AVAILABLE RECORDS:
***
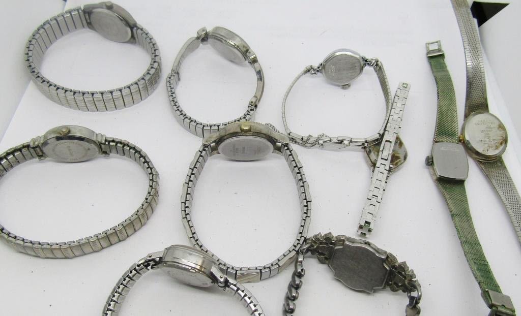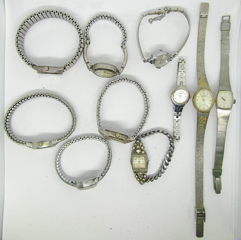 SET OF 10 UNTESTED LADIES WRIST WATCHES; SARAH COVENTRY, VIVANI, CARRIAGE, WALTHAM, SWISS MADE BUCHERER, BENRUS (17 JEWEL), MILBER, PHASAR & OTHERS
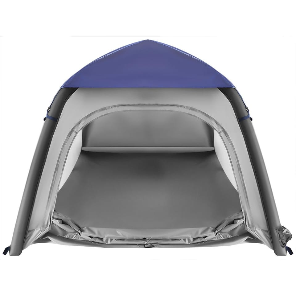 Zamiast tradycyjnego stelaża namiot posiada dmuchane rurki, które po napompowaniu nadają mu stabilność i wytrzymałość. To rozwiązanie pozwala na błyskawiczne rozstawienie namiotu bez skomplikowanego montażu. Wystarczy użyć pompki, aby w kilka minut cieszyć się gotowym miejscem do odpoczynku.
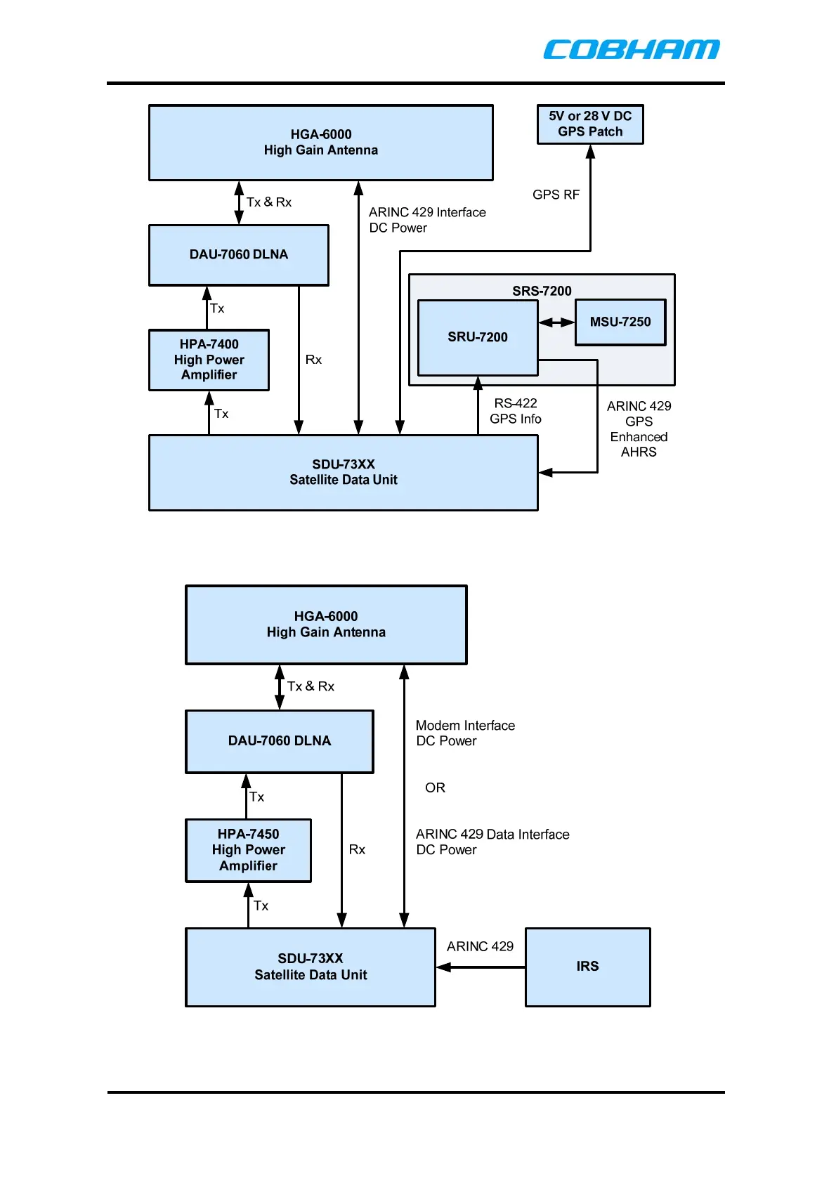 COBHAM HGA-6000 - Figure 9: Cobham Swiftbroadband System Using SRS-7200 AHRS System; Figure 10: Cobham Swiftbroadband System Using IRS System
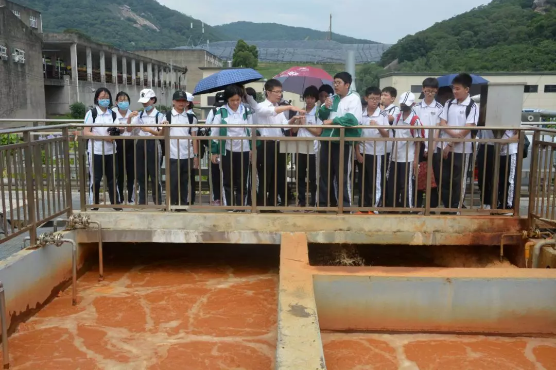 6月7日上午,泉州环境卫生管理处许景源主任引领实验中学50多名学生走进乐竞体育室仔前垃圾渗滤液处理厂。
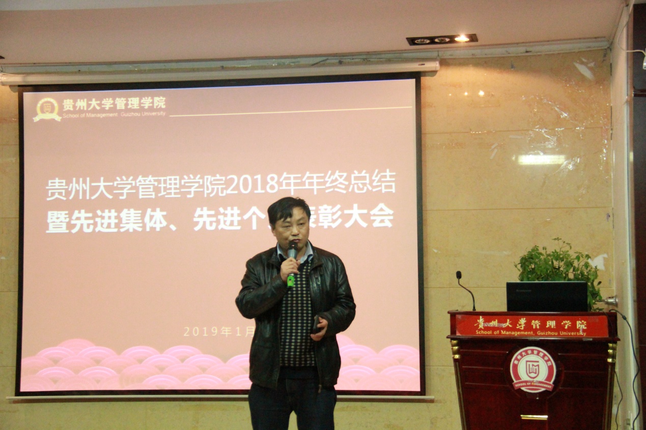 1月11日中午12点50分,乐动官方网站2018年年终总结暨先进集体、先进个人表彰大会于管院三楼报告厅隆重举行。贵州大学哲学社会科学研究院院长洪名勇教授;财务处王斌处长;资产管理处周昌洪副处长;法学院党委副书记、原管理学院副处级组织员洪影秋副教授;对外合作处副处长周乐欣副教授;校督导团李景勃老师以及管理学院近五年退休的各位老师出席本次表彰大会的嘉宾,乐动官方网站院长李烨教授;学院副院长王婷教授、周莉莉教授、宋山梅教授以及学院党委副书记张亚军老师出席本次表彰大会,管理学院全体老师参加此次表彰大会,大会由张亚军副书记主持展开。
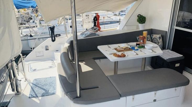 Flag: Greek. Type of Sails: Fully battened mainsail (2015), roller genoa (2015), both sails with very little use. Berths: 10. Cabins: 6: 4 double & 2 single (both accessible from inside). Watermaker: AQUA BASE 120 lt/hour. Engine (hp)/ Hours: 2 x Yanmar 39hp, 4800 hours (September 2024). Outboard: Honda 20hp & electric dinghy lift/ davits system.
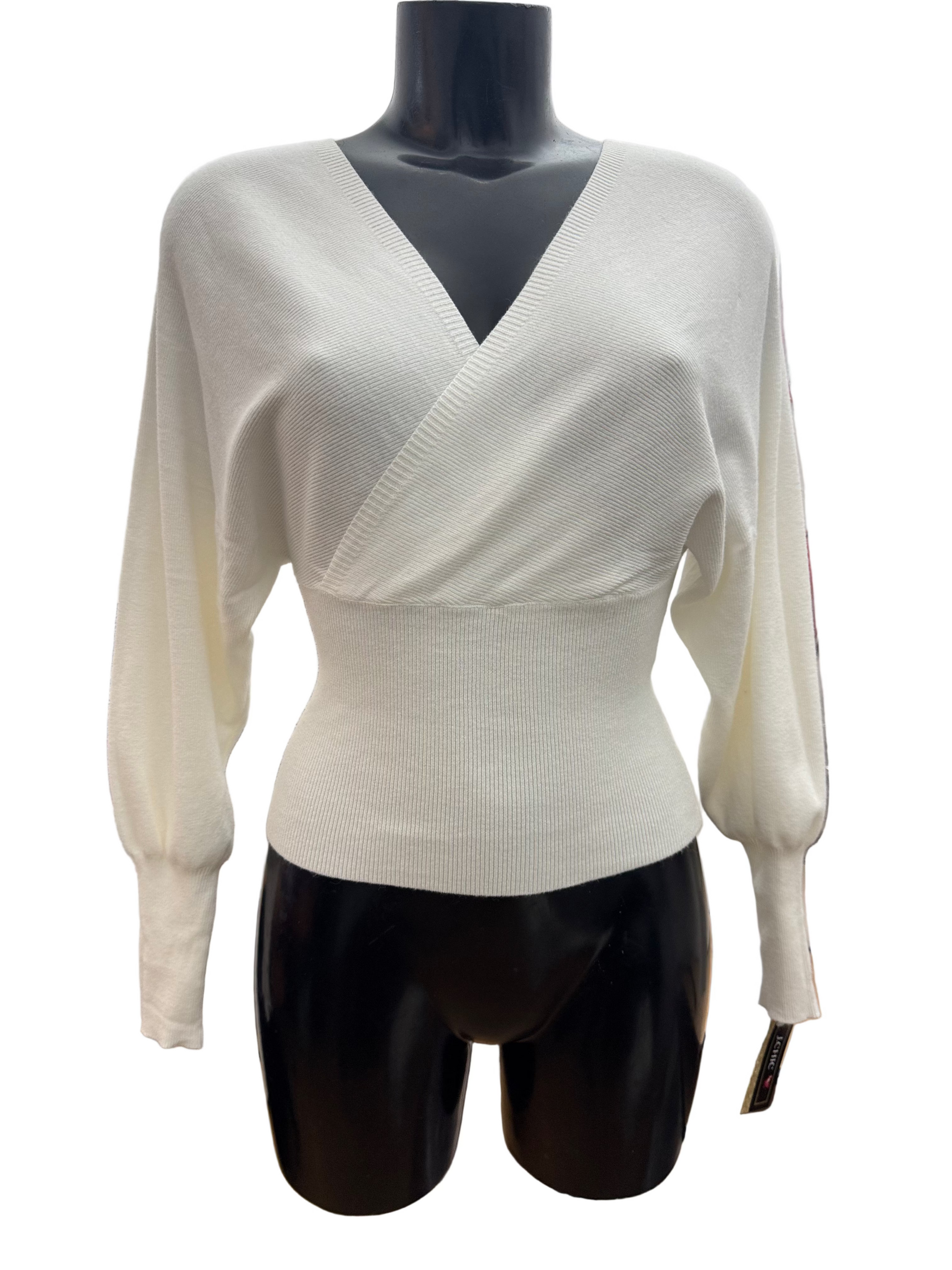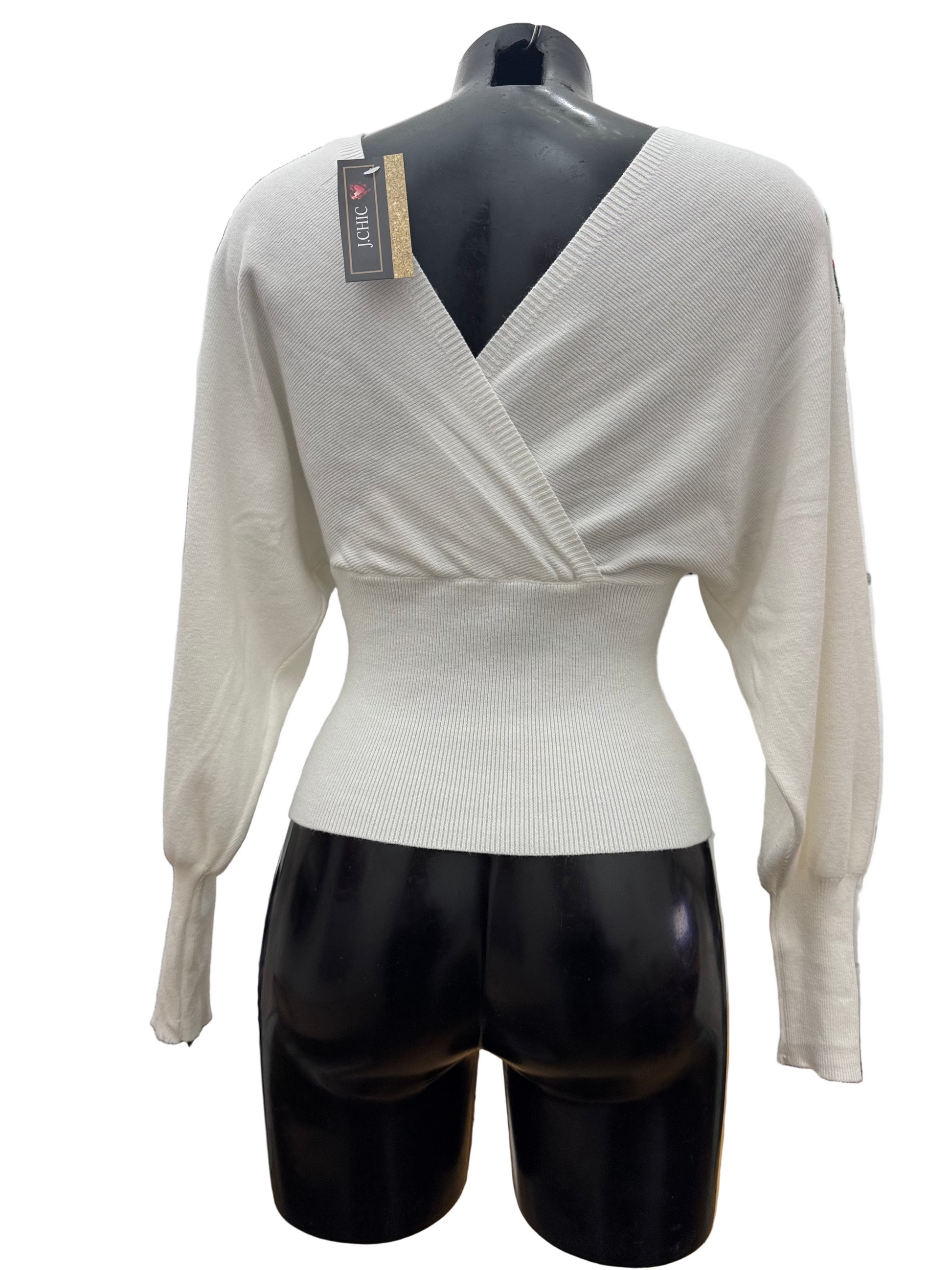 Questa maglia in viscosa sapientemente realizzata presenta un sofisticato design incrociato che migliora la scollatura e la silhouette. Realizzato in viscosa morbida e traspirante, garantisce comfort per tutto il giorno mantenendo un aspetto lucido. Perfettamente adatto sia per ensemble formali che casual, questo pezzo versatile aggiunge un'eleganza senza sforzo al tuo guardaroba.
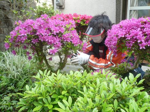 お母さんは枝を切る
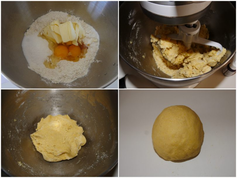 Innanzitutto preparate la frolla: versate tutti gli ingredienti in una ciotola e lavorate velocemente, giusto il tempo di fino ad ottenere un impasto omogeneo.
***
PROBLEM DETAILS: If pictures appear in the data, do not print them; repeat the rest exactly.

SOLUTION FOR THIS EXERCISE:
 SET OF 10 UNTESTED LADIES WRIST WATCHES; SARAH COVENTRY, VIVANI, CARRIAGE, WALTHAM, SWISS MADE BUCHERER, BENRUS (17 JEWEL), MILBER, PHASAR & OTHERS
 Zamiast tradycyjnego stelaża namiot posiada dmuchane rurki, które po napompowaniu nadają mu stabilność i wytrzymałość. To rozwiązanie pozwala na błyskawiczne rozstawienie namiotu bez skomplikowanego montażu. Wystarczy użyć pompki, aby w kilka minut cieszyć się gotowym miejscem do odpoczynku.
 COBHAM HGA-6000 - Figure 9: Cobham Swiftbroadband System Using SRS-7200 AHRS System; Figure 10: Cobham Swiftbroadband System Using IRS System
 6月7日上午,泉州环境卫生管理处许景源主任引领实验中学50多名学生走进乐竞体育室仔前垃圾渗滤液处理厂。
 1月11日中午12点50分,乐动官方网站2018年年终总结暨先进集体、先进个人表彰大会于管院三楼报告厅隆重举行。贵州大学哲学社会科学研究院院长洪名勇教授;财务处王斌处长;资产管理处周昌洪副处长;法学院党委副书记、原管理学院副处级组织员洪影秋副教授;对外合作处副处长周乐欣副教授;校督导团李景勃老师以及管理学院近五年退休的各位老师出席本次表彰大会的嘉宾,乐动官方网站院长李烨教授;学院副院长王婷教授、周莉莉教授、宋山梅教授以及学院党委副书记张亚军老师出席本次表彰大会,管理学院全体老师参加此次表彰大会,大会由张亚军副书记主持展开。
 Flag: Greek. Type of Sails: Fully battened mainsail (2015), roller genoa (2015), both sails with very little use. Berths: 10. Cabins: 6: 4 double & 2 single (both accessible from inside). Watermaker: AQUA BASE 120 lt/hour. Engine (hp)/ Hours: 2 x Yanmar 39hp, 4800 hours (September 2024). Outboard: Honda 20hp & electric dinghy lift/ davits system.
 Questa maglia in viscosa sapientemente realizzata presenta un sofisticato design incrociato che migliora la scollatura e la silhouette. Realizzato in viscosa morbida e traspirante, garantisce comfort per tutto il giorno mantenendo un aspetto lucido. Perfettamente adatto sia per ensemble formali che casual, questo pezzo versatile aggiunge un'eleganza senza sforzo al tuo guardaroba.
 お母さんは枝を切る
 Innanzitutto preparate la frolla: versate tutti gli ingredienti in una ciotola e lavorate velocemente, giusto il tempo di fino ad ottenere un impasto omogeneo.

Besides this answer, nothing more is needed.